The new result “is a stunning resource,” said Lander, who was not involved in the research that produced it but was a leader in the Human Genome Project. “My head explodes at the amount of data.”
Unexpected results
The discoveries were published Wednesday in six papers in the journal Nature and in 24 papers in Genome Research and Genome Biology. In addition, The Journal of Biological Chemistry is publishing six review articles and Science is publishing yet another article.
Human DNA is “a lot more active than we expected, and there are a lot more things happening than we expected,” said Ewan Birney of the European Molecular Biology Laboratory-European Bioinformatics Institute, a lead researcher on the project.
In one of the Nature papers, researchers link the gene switches to a range of human diseases — multiple sclerosis, lupus, rheumatoid arthritis, Crohn’s disease, celiac disease — and even to traits like height.
In large studies over the past decade, scientists found that minor changes in human DNA sequences increase the risk that a person will get those diseases. But those changes were in the junk, now often referred to as the dark matter — they were not changes in genes — and it was not clear what their significance was. The new analysis reveals that a great many of those changes alter gene switches and are highly significant.
“Most of the changes that affect disease don’t lie in the genes themselves; they lie in the switches,” said Michael Snyder, a Stanford University researcher for the project, called ENCODE, for Encyclopedia of DNA Elements.
That, said Dr. Bradley Bernstein, an ENCODE researcher at Massachusetts General Hospital, “is a really big deal.” He added, “I don’t think anyone predicted that would be the case.”
The system is stunningly complex, with lots of redundancies. Just the idea of so many switches was almost incomprehensible, Bernstein said.

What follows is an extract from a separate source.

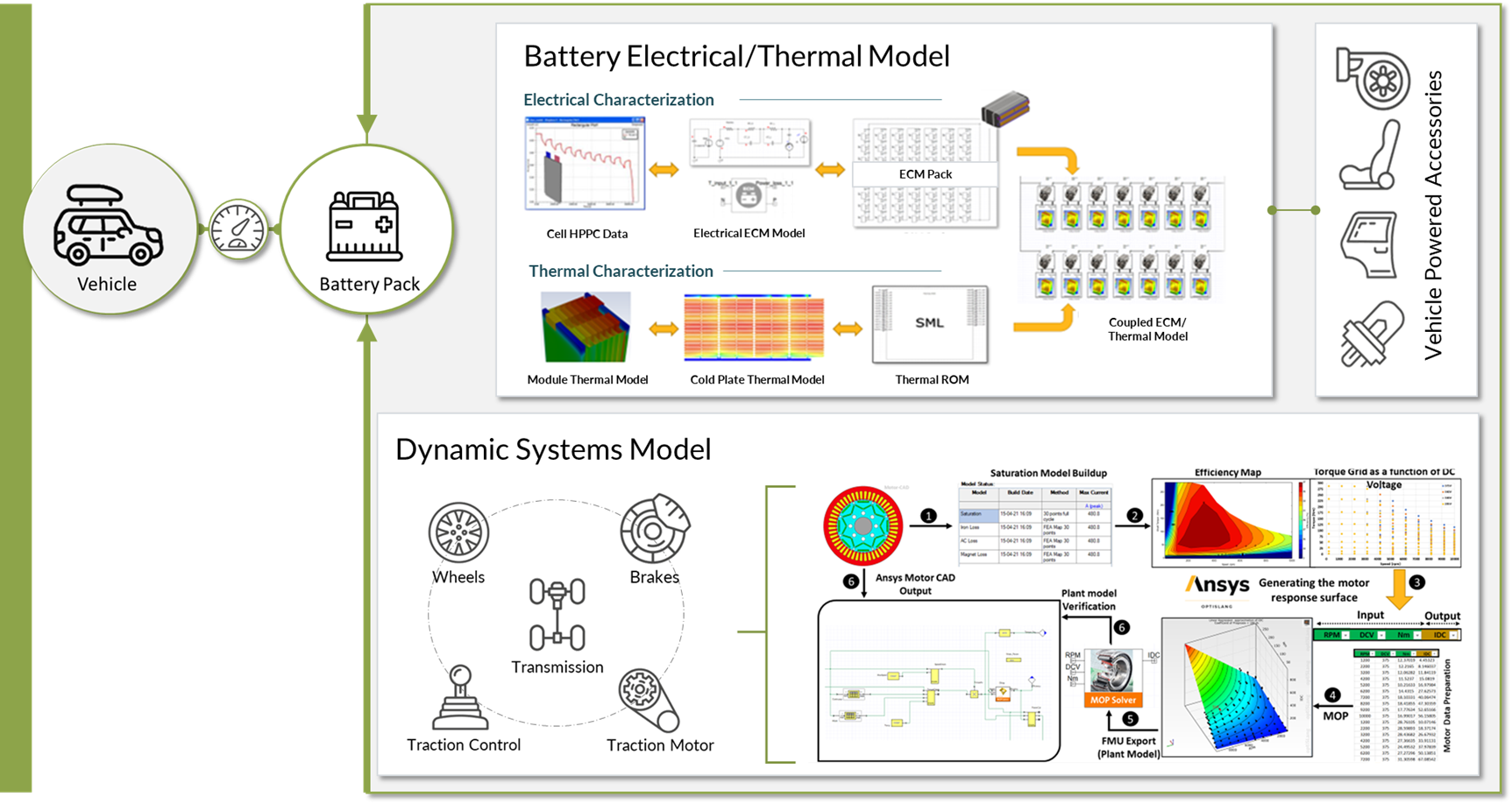 Simulation plays a critical role in modern vehicle development, enabling comprehensive virtual testing across multiple domains to reduce costs and time. Key areas include **Vehicle Dynamics and Performance**, where handling, braking, and aerodynamics are optimized, and **Safety and Crashworthiness**, which tests crash scenarios to validate occupant protection systems. **Environmental Testing** assesses vehicle performance across varying weather, terrain, and altitudes, while **Electrification and Energy Management** models battery range, charging, and energy use.

“People have trouble digesting the number,” he said. “Why would you need to have a million switches to control 21,000 genes?”
There also is a sort of DNA wiring system that is almost inconceivably intricate.
“It is like opening a wiring closet and seeing a hairball of wires,” said Mark Gerstein, an ENCODE researcher from Yale. “We tried to unravel this hairball and make it interpretable.”
Diving into dark matter
The project began in 2003, as researchers began to appreciate how little they really knew about human DNA. In recent years, some began to find switches in the 99 percent of human DNA that is not genes, but they still could not fully characterize or explain what a vast majority of it was doing.
By the time the National Human Genome Research Institute, part of the National Institutes of Health, embarked on ENCODE, there had been major advances in DNA sequencing and computational biology that made it conceivable to try to understand the dark matter of human DNA.
Even so, the data analysis was daunting — the researchers generated 15 trillion bytes of raw data. Just organizing the researchers and coordinating the work has been an enormous undertaking.
Gerstein, who was one of the project’s leaders, has produced a diagram of the authors with their connections to one another. It looks nearly as complicated as the wiring diagram for the human DNA switches.
Now that part of the work is done, and the hundreds of authors have written their papers.
“There is literally a flotilla of papers,” Gerstein said.
But, he added, more work has yet to be done — there are still parts of the genome that have not been figured out.
The Associated Press contributed to this report.